| What the task requires |
The required output holds only the lines from the one containing "Soft and stretchy" through the end of the material below, copied exactly, please, with no pictures.

(Supplied material Opens)

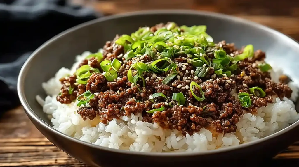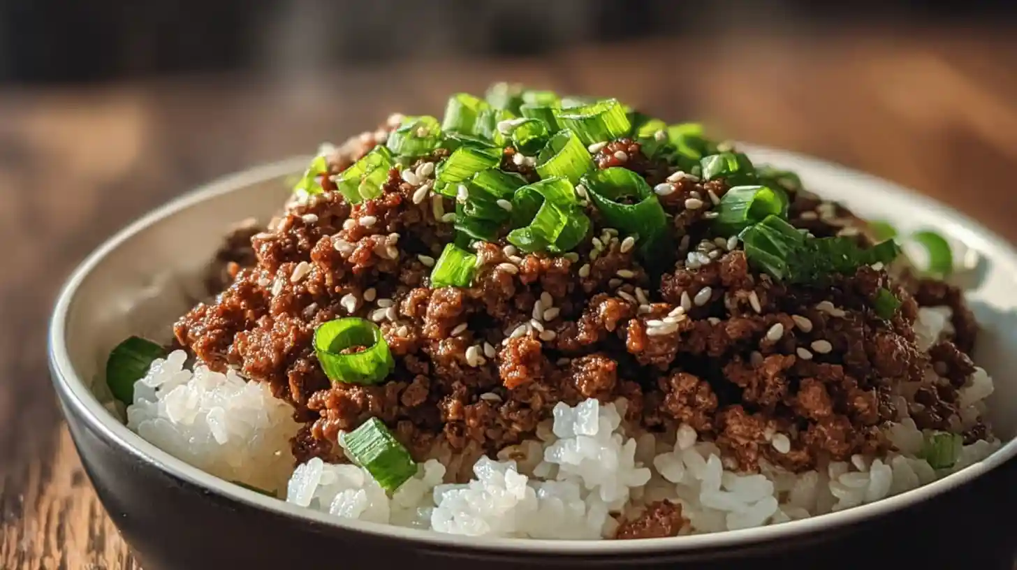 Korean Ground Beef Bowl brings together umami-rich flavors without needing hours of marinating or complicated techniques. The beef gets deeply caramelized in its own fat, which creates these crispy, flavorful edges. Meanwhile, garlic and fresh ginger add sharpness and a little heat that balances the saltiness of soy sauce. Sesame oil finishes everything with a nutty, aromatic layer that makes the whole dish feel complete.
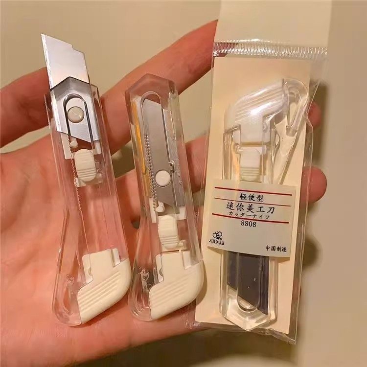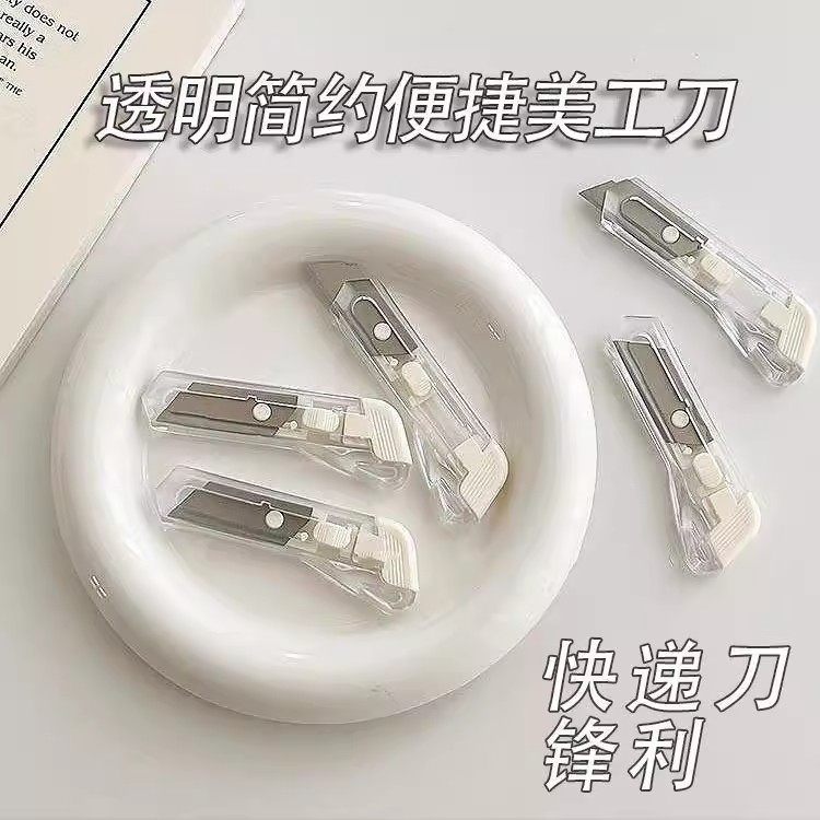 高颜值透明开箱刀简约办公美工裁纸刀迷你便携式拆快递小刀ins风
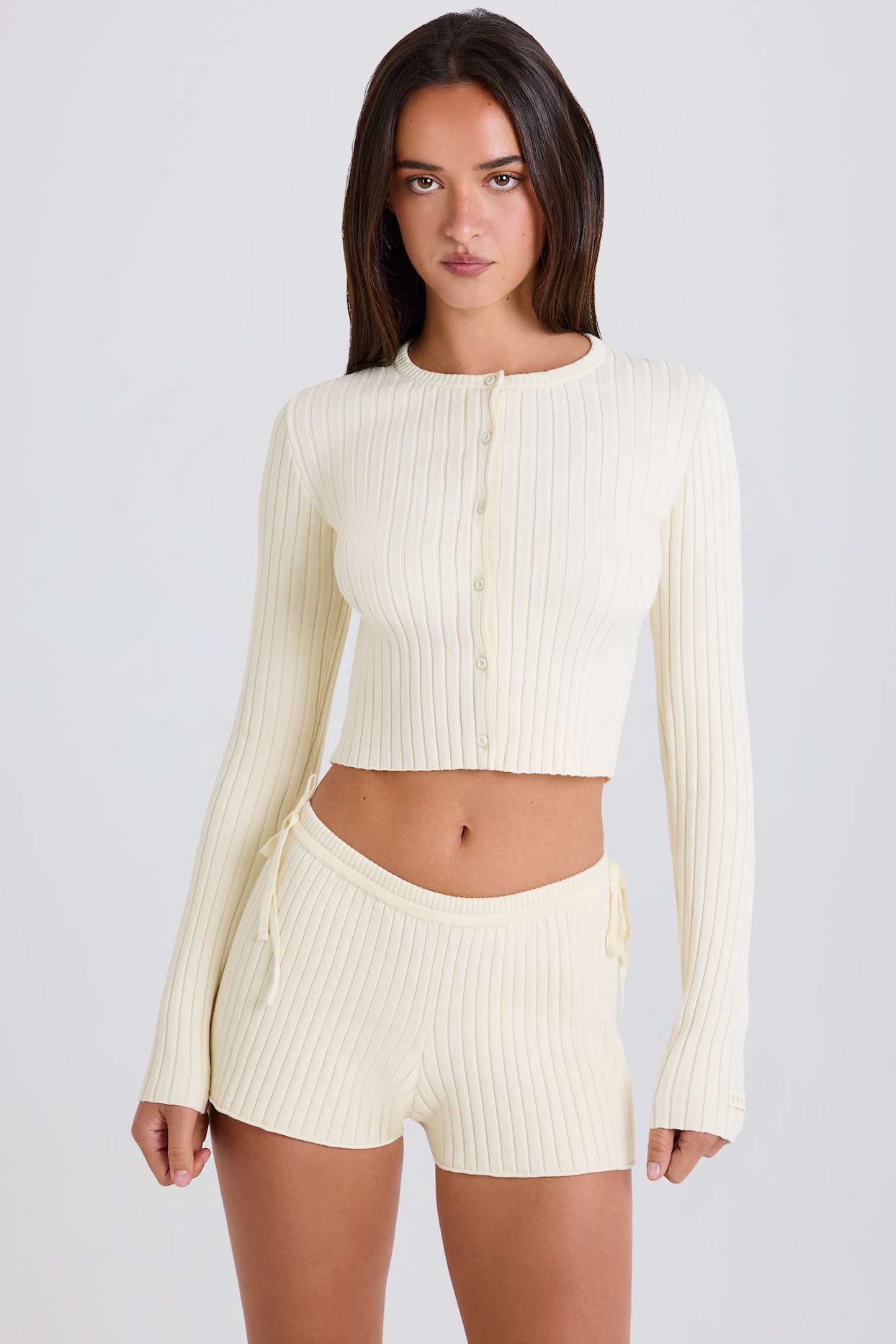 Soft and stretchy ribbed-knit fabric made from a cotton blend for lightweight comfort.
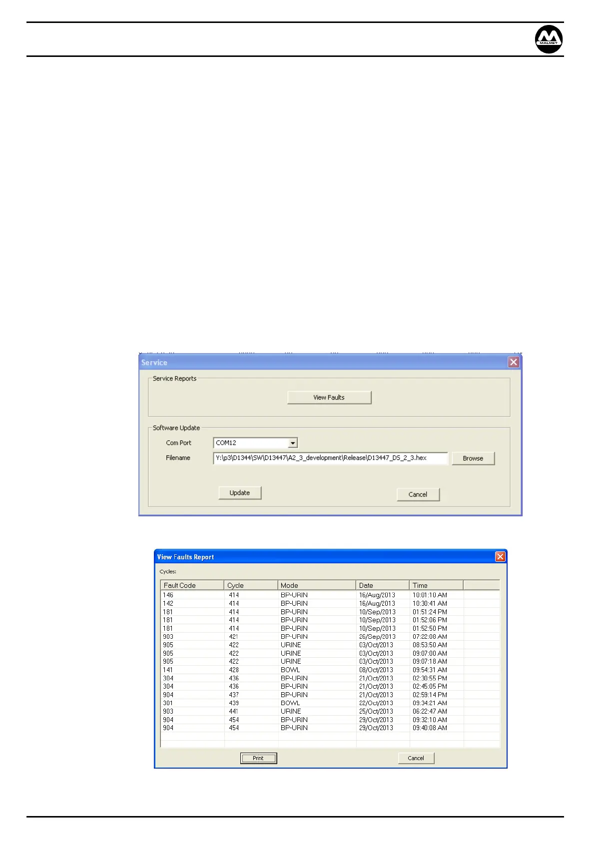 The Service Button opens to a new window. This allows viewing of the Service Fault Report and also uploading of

(Supplied material Closes)

| Answer to this exercise |
 Soft and stretchy ribbed-knit fabric made from a cotton blend for lightweight comfort.
 The Service Button opens to a new window. This allows viewing of the Service Fault Report and also uploading of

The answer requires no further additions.